It seems unlikely that any musical artist records a cover of a song unless the song means something important to them. Oh, undoubtedly we might find examples where someone just made a cynical calculated effort to draft off the talent of someone else for their own benefit, but more likely it’s a sign of genuine affection and admiration, and that’s what we have in the song we’re premiering below.
In this instance the obscure Canadian solo project Cloven recorded a cover of “The Madness of Serpents” by The Devil’s Blood, expressly as a tribute to the late Selim Lemouchi. It may also be a farewell to Cloven as well as Lemouchi, though we understand that before the end comes there will be a Cloven album that includes the recording you’re about to hear.
Some covers are rigidly faithful to the original; the most interesting ones are not. Here, Cloven pays its tribute through morphosis.
The original version of this song was included on The Thousandfold Epicentre, released in 2011. It hammers and clangs, viscerally bounces and vibrantly flickers, reflexively compelling in its rocking grooves but also casting dark and devilish spells.
It also gradually slows and drifts away into gentle but chilling sonic hallucinations, a different kind of seduction and even more unearthly in its ethereal and inviting sensations. Just as gradually, the music also again ramps up, getting its hooks in our reptile brains again as it shines and writhes, but also sounding downright infernal at the end. The words are worth pondering:
For you I will make a world devoid of love
And I’ll make your love to fill the void
One eye sees glory, the other does cry, the Third sees Truth and grows blind
For I am alike unto whited graves
As I appear, beautiful in skin
But within I am filled with dead man’s bones
And of all Unclean and Sin
Move to me in wild contortions
Enchant me with blight and sore
Yes, move to me you fucking Whore
Into the madness of Serpents
Cloven‘s cover puts some twists on the original, and the result is darker — both fascinating and bleakly moving, heavier and more haunting. It generates the hallucination in its own opening phase, with spoken words in the mix. And then it swells in power, slower than the original and massively heavier in its low-end throbs, with vocals that are more shattering and scarring.

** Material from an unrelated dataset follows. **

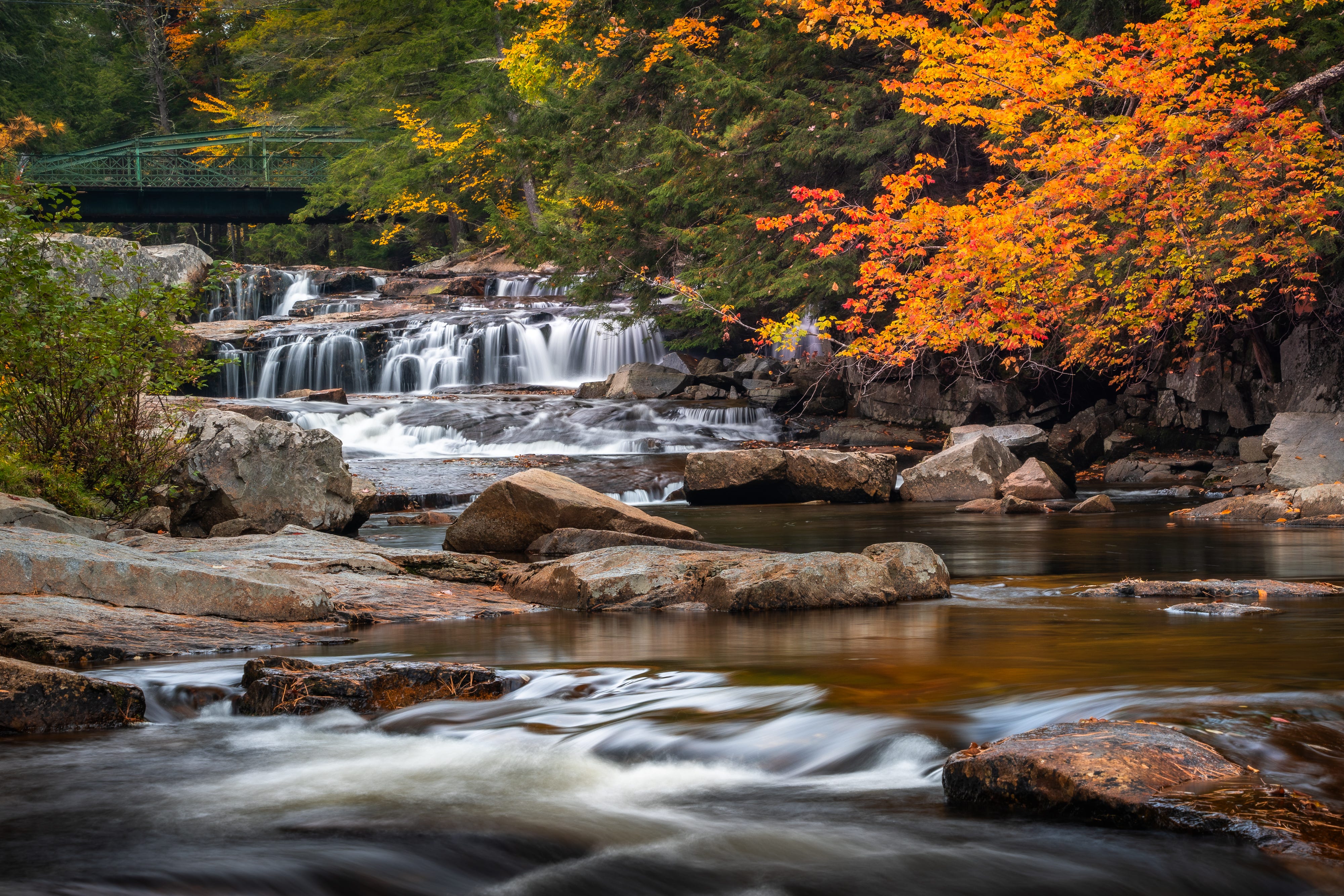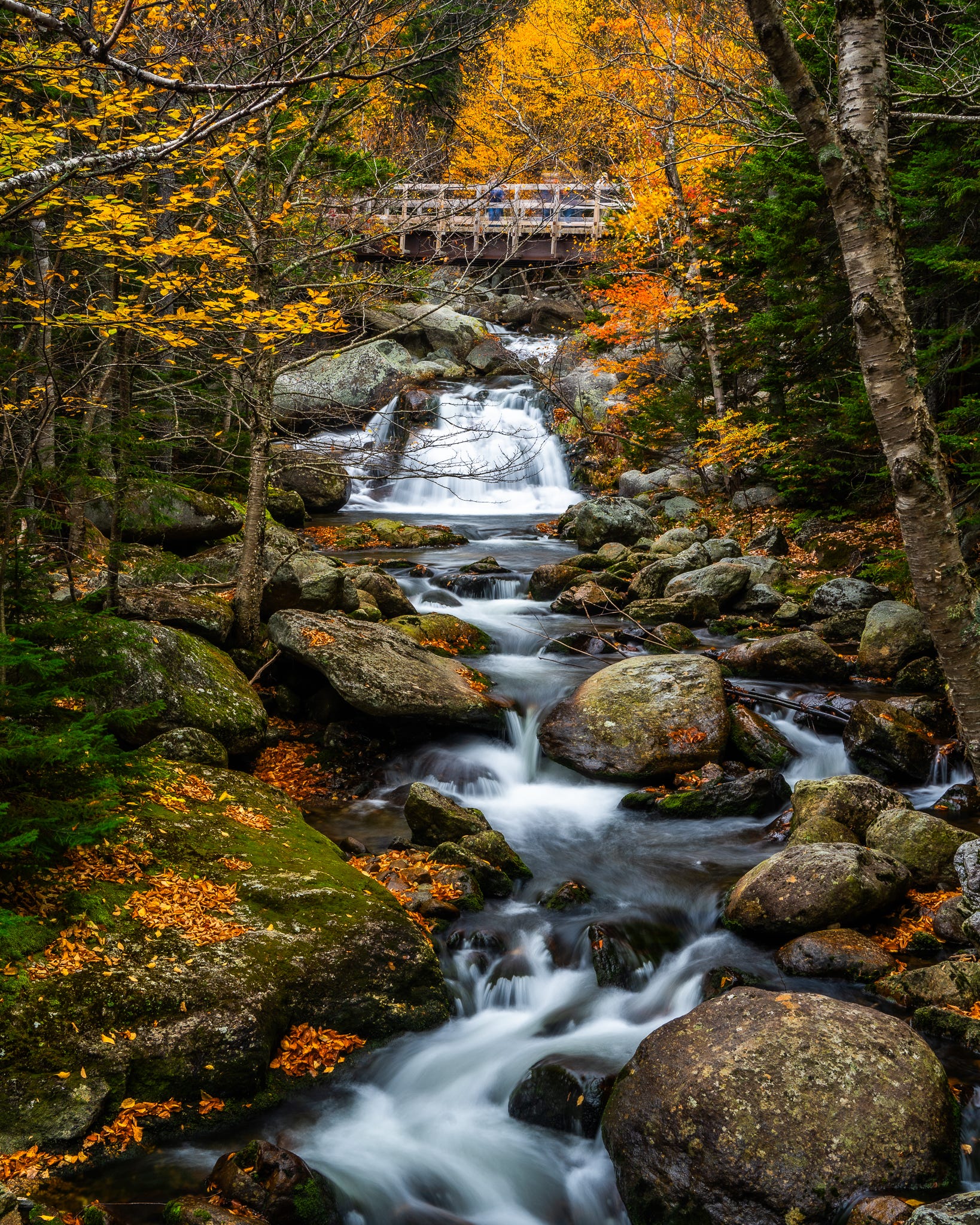 Traveling further into the notch, we found this set of cascades below the much more famous Crystal Cascade off of the Tuckerman’s Ravine Trail. Luckily, the branches growing in front of the waterfall and bridge had lost their leaves, and the fallen leaves on the rocks were actually my favorite part of the image!

But it too vibrantly shines and swirls, simultaneously magnifying the music’s intensity and casting their own spell. The throbs begin to sound like bombs going off, the surrounding sounds begin to sear — and then it too begins to drift away, but with the mournful tones of a violin or cello leading the way, accompanied by strange whistling and warbling tones that add their own distress.
We don’t yet know a release date or title for Cloven‘s next album (and maybe its last one), but when we do, we will let you know.